Posłuchaj fragmentów nowej płyty Keitha Jarretta!!!

Autor: 
Redakcja

To był 9 dzień kwietnia 2011 roku. Do Teatro Municipal w stolicy samby przyjechała chyba największa współczesna ikona jazzu. Sam. 40 lat wcześniej nagrał płytę "Facing You" - pierwszy album wydany dla ECM, od razu piano solo. Potem takich albumów przydarzyło mu się kilka. Żaden nie był odgrzewaniem tego samego kotleta. Conajmniej jeden z nich zapisał się na zawsze w historii współczesnej muzyki. Jedni kojarzą niemiecką Koln z DOM - wielką, budowaną przez 600 lat katedrą. Inny z płytą “The Koln Concert”. Których jest więcej? Kilka lat temu podarował nam potrójny album Paris/London, ściśle związany, lub związywany przez krytykę z rozstaniem pianisty z żoną. 4 listopada na sklepowych półkach całego świata znajdzie się kolejny album piano solo Keitha Jarretta - dwupłytowe wydawnictwo “Rio”

Jarrett wystąpił przedtem tylko raz w Brazylii, prawie dwadzieścia lat temu. Stwierdził później, że ma tam „niezamknięte sprawy”, które znalazły dopełnienie w wydawanym obecnie albumie Rio: „Nie wiem, co miałem wówczas na myśli, ale odpowiedzią na tamte słowa jest obecny koncert. Wszystko, co grałem w Rio było improwizacją. I mimo, że i tak nie da się tego powtórzyć, nie wyobrażam sobie, że mógłbym zagrać podobną muzykę w innej sali, w innym miejscu, innego wieczoru i przy innej publiczności”.

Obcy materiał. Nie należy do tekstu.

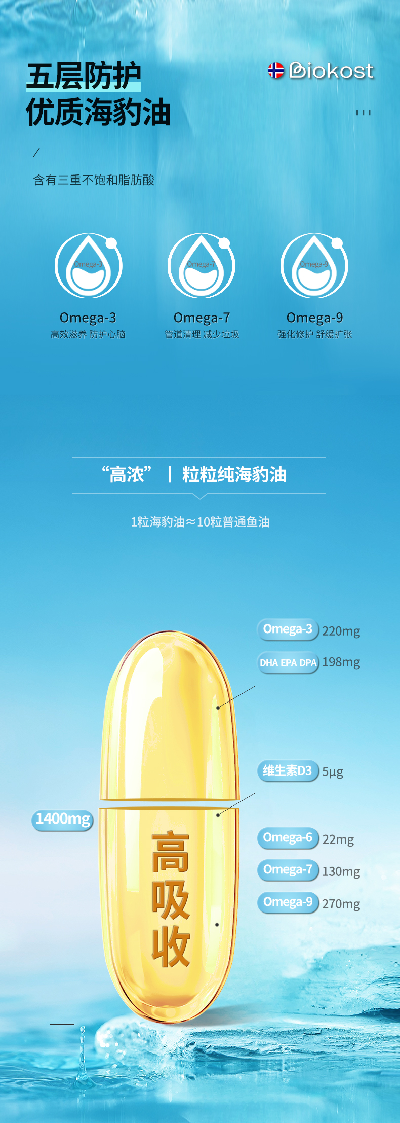 【跨境】【挪威本土版】Biokost挪威进口海豹油成人心脑血管维生素鱼油升级版90粒/瓶

Muzyka wykonana wówczas pełna jest liryzmu, a całość podzielona została na piętnaście krótkich kompozycji. Artysta uważa, że był to jeden z najlepszych jego występów, „słodki, radosny, ciepły, energetyczny, pełen pasji i odnoszący się w ciekawy sposób do kultury brazylijskiej”. Do ostatecznego efektu przysłużyła się również znakomita akustyka sali i entuzjastycznie nastawiona publiczność.Koncert w Rio de Janeiro był drugim podczas krótkiej trasy po Ameryce Południowej, podczas której artysta wystąpił również w Sao Paulo i Buenos Aires.